We were shown footage of officers using tear gas against those boys in solitary confinement; we hear the begging of a very distressed boy yelling out ‘how long have I been here’? The guards are heard laughing at the boys. After the tear gas was sprayed into the area the boys were taken outside in shackles and hosed off with water and hear one boy saying ‘not in my mouth’ because he couldn’t breathe.
One kid had been in Don Dale since the age of 10. He was told by a guard that he’d be put in a cell with a rapist if he didn’t keep in line.
We see images of a boy being stripped naked and held down in a detention facility in Alice Springs. Later there is more footage of him again in isolation and again being stripped naked; being held in a hog tie with the guard’s full weight on his back. The images are so disturbing especially seeing three powerful adults stripping naked a young boy while they hold him down. God knows what was going through his mind at that moment.
The guards would get other kids to throw hot water and spit at him. This same kid in yet another incident is seen literally thrown across the room in a most violent manner.
And the list of brutalities go on, not in Abu Ghraib or some other third-world country ages ago, but here in Australia right now.
What is the moral of the story? I think the words of Sue Oliver, the judge who spoke out, really encapsulates it. ‘Kids can do really bad things but the idea a young person is a bad person is a misplaced view. They are very damaged people.’
Since I’m not a judge I feel free to express myself slightly less respectfully. The idea that kids are bad and need to be tortured psychologically and physically to retrain them to behave ‘good’, is a most primitive, savage, and brutal, understanding of human beings in general and kids in particular.
Crime should never result in punishment for retribution’s sake. That is what backward societies do. It should be about rehabilitation always, and until that point is reached, simply removing the threat posed to society.
I recently heard a lawyer who had over 20 years’ experience with death row inmates in America saying, ‘show me a death row inmate and I will write his biography. In overwhelming majority I will be right on the money.’ The point is, kids, and later adults, turn to wayward destructive behaviours because of the dysfunction and lack of loving nurture they experience in their formative years.

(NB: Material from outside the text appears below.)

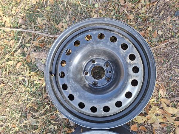 4 Mopar, Jeep, Dodge black steel wheels 17"×6.5" 5 lug, 5 on 108 pattern Renegade, Cherokee, and others. Great for winter, snow or off road tires $50.00 obo for all 4
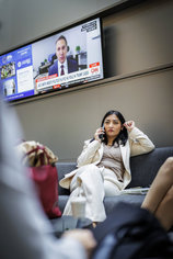 Caption: Reise Alabali Radovan nach WashingtonReem Alabali Radovan (SPD), Bundesministerin fuer wirtschaftliche Zusammenarbeit und Entwicklung, aufgenommen im Rahmen ihrer Teilnahme an der Jahrestagung der Weltbank und des IWF in Washington. Hier bei einer Kaffeepause in einem Kaffee. ‚ÄöFotografiert im Auftrag des Bundesentwicklungsministeriums'

With children especially, if the system took them in, and rather than abuse them thereby adding so much trauma to their already damaged souls, provided a safe, clean, violence-free, environment with education opportunities, there is no doubt that the results would be so much more positive.
But for that to happen there needs to be a spiritual growth on the part of the NT government and law enforcement community. Thankfully, we have already seen actions against the minister involved and Malcolm Turnbull has announced a Royal Commission into mistreatment of children in detention in the Northern Territory.
For the good decent folk of the Australian community let the documentary be our ‘daughters of Tzlafchad’ episode. Let this awaken our deepest feelings of disgust and revulsion at such primitive behaviour which causes so much anguish to defenceless kids. And let us grow through this by recalibrating our moral compasses to respond with profound empathy for troubled kids rather than letting loose our inner caveman with animal instincts.
May we speedily in our day see an absolute end to brutality of children. We can’t control everywhere, but in our communities, in our detention centres, we absolutely can. We can and we must!